Intel Core i7 Turbo Mode

Post by **Jonathan** » Wed Aug 20, 2008 5:41 pm

4:15PM - Turbo mode will be available in i7. This will allow the CPU to actually increase single threaded performance by increasing frequency of cores dynamically. When not all cores are in use, there will be more headroom (meaning single threaded apps will see a benefit from having cores not in use). Note that this is a different turbo mode from what we've had in Penryn, Intel is actually promising a performance boost here.

4:13PM - Power management on Nehalem will be better than today. Integrated Power Gate technology will take voltage down to zero rather than just decreasing power. Actually building a perfect silicon "power switch" was tough and required some new fabrication technology. The tech is pretty cool, each core can be shut off independently without resorting to multiple power planes. Each core gets its own PLL like Phenom, but there is some clever stuff going on here to make the implementation a bit more elegant.

http://anandtech.com/cpuchipsets/intel/ ... spx?i=3377

Will there be perf details?

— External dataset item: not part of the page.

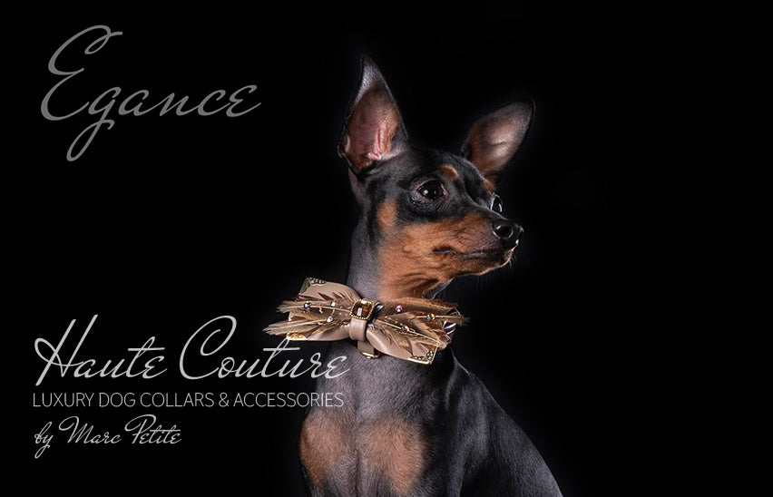 The combination of soft golden leather with Swarovski crystals and feathers magically compliments any four-legged creature. Minutes ago, it was a naughty boy (or a girl, why not?) rubbing against your leg, but now it is a swanky society doggie that proudly wears an elegant golden leather bow-tie! Woohoo!

Only time will tell!

Post by **Jonathan** » Wed Aug 20, 2008 5:45 pm

http://arstechnica.com/news.ars/post/20 ... t-idf.html

VLSmooth · Post by **VLSmooth** » Wed Aug 20, 2008 5:52 pm

As expected, I'm much more interested in power gating (go go Energy Aware Computing, I wonder if Diana Marculescu contributed...) and the PCU.

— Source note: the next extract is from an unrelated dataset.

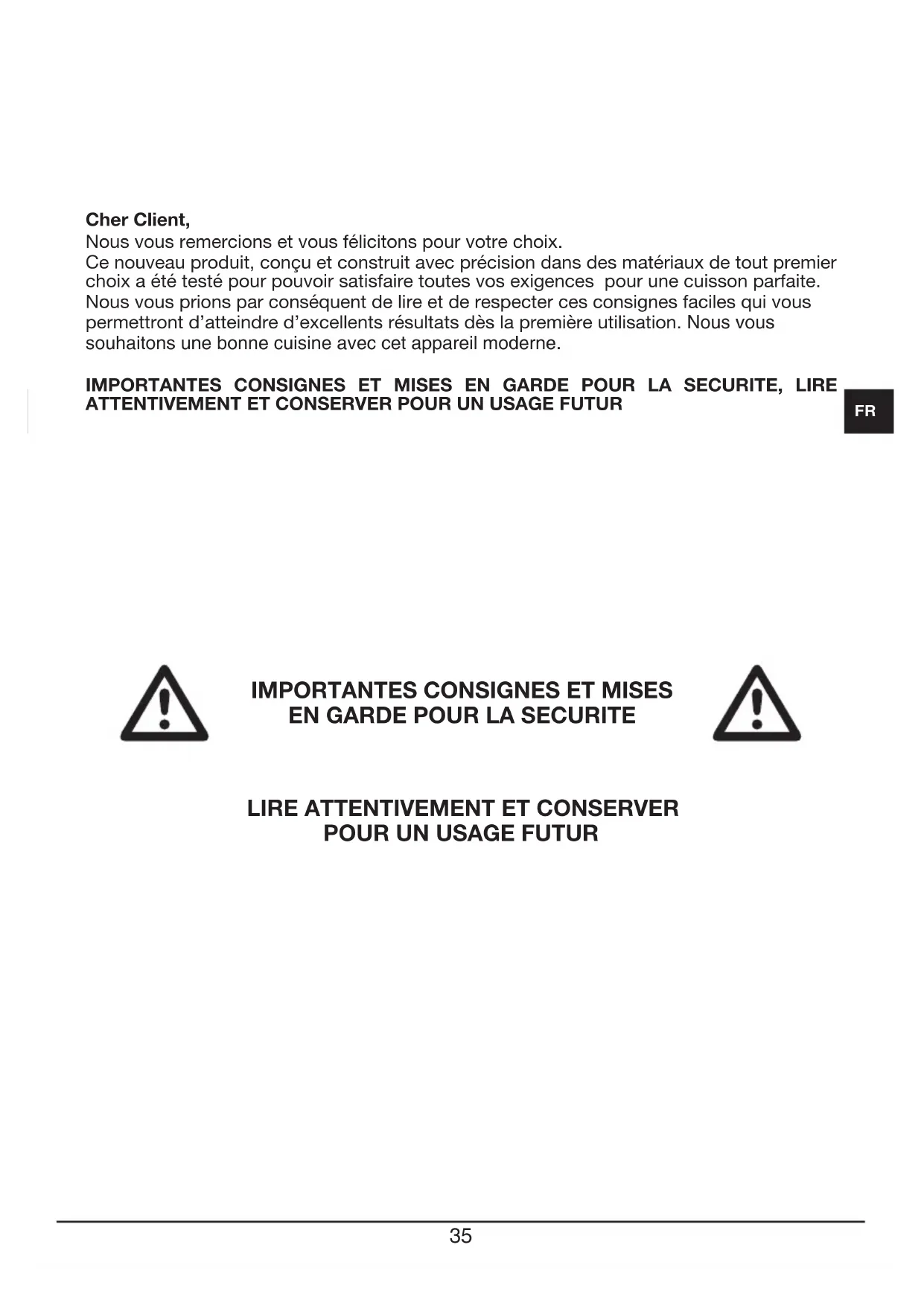 Cher Client, Nous vous remercions et vous félicitons pour votre choix. Ce nouveau produit, conçu et construit avec précision dans des matériaux de tout premier choix a été testé pour pouvoir satisfaire toutes vos exigences pour une cuisson parfaite. Nous vous prions par conséquent de lire et de respecter ces consignes faciles qui vous permettront d’atteindre d’excellents résultats dès la première utilisation. Nous vous souhaitons une bonne cuisine avec cet appareil moderne. IMPORTANTES CONSIGNES ET MISES EN GARDE POUR LA SECURITE, LIRE ATTENTIVEMENT ET CONSERVER POUR UN USAGE FUTUR

Unfortunately, it sounds like the size of the PCU might make this power approach difficult/impossible for ultra-portable devices since the size is relatively fixed? (ie. doesn't scale with the number of cores).

Post by **Jonathan** » Wed Aug 20, 2008 6:00 pm

Define ultra-portable in terms of watts.

VLSmooth · Post by **VLSmooth** » Thu Aug 21, 2008 12:34 am

Unfortunately, I'm unfamiliar with how many watts typical portable devices consume, so I'll have to be vague.

Which of the following devices could realistically benefit from a PCU's power/size tradeoff?

A typical 17" LCD desktop replacement notebook
An ultraportable notebook (ex. the 13.3" LCD Lenovo Thinkpad X300)
An iPhone-like device

Random: Having a higher resolution (at least 1280x720p) iPhone that could play high-quality h264 encodes, yet sport insanely good idle power usage, would rock.

Post by **Jonathan** » Thu Aug 21, 2008 1:04 am

Nowadays mainstream desktops ship at 60W TDP for the processor. Total system power is probably about 200W. Your desknote probably has a 20W TDP for the CPU and 60W system power. Your ultraportable is probably 1-10W TDP and 20W system. Your handheld probably is ~.1W TDP and 1W system power.

"Which of the following devices could realistically benefit from a PCU's power/size tradeoff?"

The first two. PCU is not that big compared to a pair of out of order cores. Most handhelds (all?) are not yet multicore, though, and they all seem to be in-order.

11:31AM - 1080p decode on an MID. Not all of my desktop PCs can do that.

http://anandtech.com/cpuchipsets/intel/ ... spx?i=3378

VLSmooth · Post by **VLSmooth** » Sat Aug 23, 2008 8:52 am

I recently watched Rajesh Kumar's "Next Generation Intel Core Microarchitecture (Nehalem) Processors" presentation[1]:
http://intelstudios.edgesuite.net/fall_ ... 01/msm.htm

Here are some questions off the top of my head[2], mostly pertaining to Turbo mode.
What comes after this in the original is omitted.